FAQ: GoHighLevel agency pricing
How much should I charge for GoHighLevel services?
Charge $297–$497/month for a basic package — CRM setup, pipelines, booking calendar, missed-call text-back and core automations — and $1,000–$2,500/month in premium niches like med-spas, legal and home services where the package includes ad management. Add a setup fee; standalone full setups sell for $1,000–$4,000+.
What is a typical GHL agency retainer?
The typical 2026 range is $297–$497/month for basic CRM-and-automation packages, rising to $1,000–$2,500/month for premium niche packages with ads. Most healthy agencies run three tiers so clients self-select, with AI answering and booking as the differentiator between the basic and premium lanes.
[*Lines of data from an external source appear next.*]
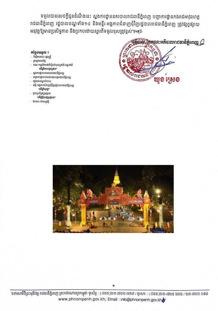 ដើម្បីឱ្យការរៀបចំកម្មវិធីខាងលើ ប្រព្រឹត្តទៅដោយរលូន រក្សាបាននូវសន្តិសុខ សុវត្ថិភាព សណ្តាប់ធ្នាប់ និងរបៀបរៀបរយសាធារណៈល្អប្រសើរ ព្រមទាំងបញ្ចៀសបាននូវការកកស្ទះចរាចរណ៍នៅជុំវិញទីតាំងរៀបចំកម្មវិធី អាជ្ញាធរមានសមត្ថកិច្ចនឹងរៀបចំចំណតយានយន្តសម្រាប់បងប្អូនប្រជាពលរដ្ឋដែលមកចូលរួមកម្សាន្តនៅ សង្ក្រាន្តវត្តភ្នំ និងផ្លូវថ្មើរជើង (Walk Street) ហើយសូមលើកទឹកចិត្តដល់បងប្អូនប្រជាពលរដ្ឋដែលពុំមានការចាំបាច់ សូមធ្វើការពង្វាងការធ្វើដំណើរឆ្លងកាត់បរិវេណទីតាំងខាងលើ និងសូមបងប្អូនប្រជាពលរដ្ឋមេត្តាយោគយល់អធ្យាស្រ័យខ្ពស់៕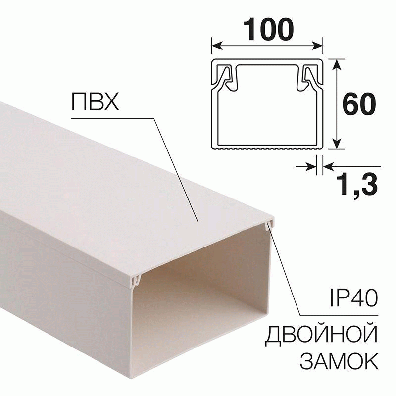 Кабель-канал 100х60 мм белый (8 м/уп) REXANT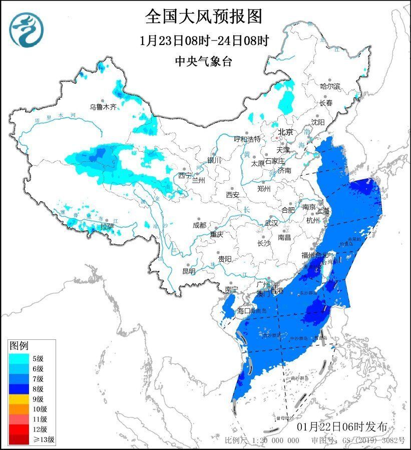 1月23日08时至24日08时,新疆北疆北部和东部、内蒙古中部、辽东半岛、山东半岛、江苏沿海、上海、浙江沿海、福建沿海、广东沿海及新疆南疆盆地和东部、甘肃河西等地有5~6级、阵风7级的大风;黄海大部海域、东海大部海域、台湾海峡、台湾以东洋面、巴士海峡、北部湾、南海北部和中部海域将有7~8级、阵风9~10级的偏北到东北风,其中台湾海峡部分海域风力可达9级、阵风10~11级。

Should I charge a setup fee?
Yes. Full GoHighLevel setups command $1,000–$4,000+ as standalone projects, so bundling setup free devalues real work, attracts uncommitted clients, and leaves you underwater if a client churns early. Charge the fee; if you need a promotional lever, discount it for longer commitments rather than removing it.
How do agencies make money with GoHighLevel?
Three stacked models: monthly service retainers ($297–$2,500 depending on tier and niche), one-time project fees for setups, funnels and migrations ($1,000–$4,000+ for full builds), and SaaS mode — reselling white-labeled GHL as subscription software. Margin comes from keeping delivery costs predictable, for example $4,970 in retainers against a $1,000/month fulfillment plan (100 hours at $10/hour), roughly 80% gross margin.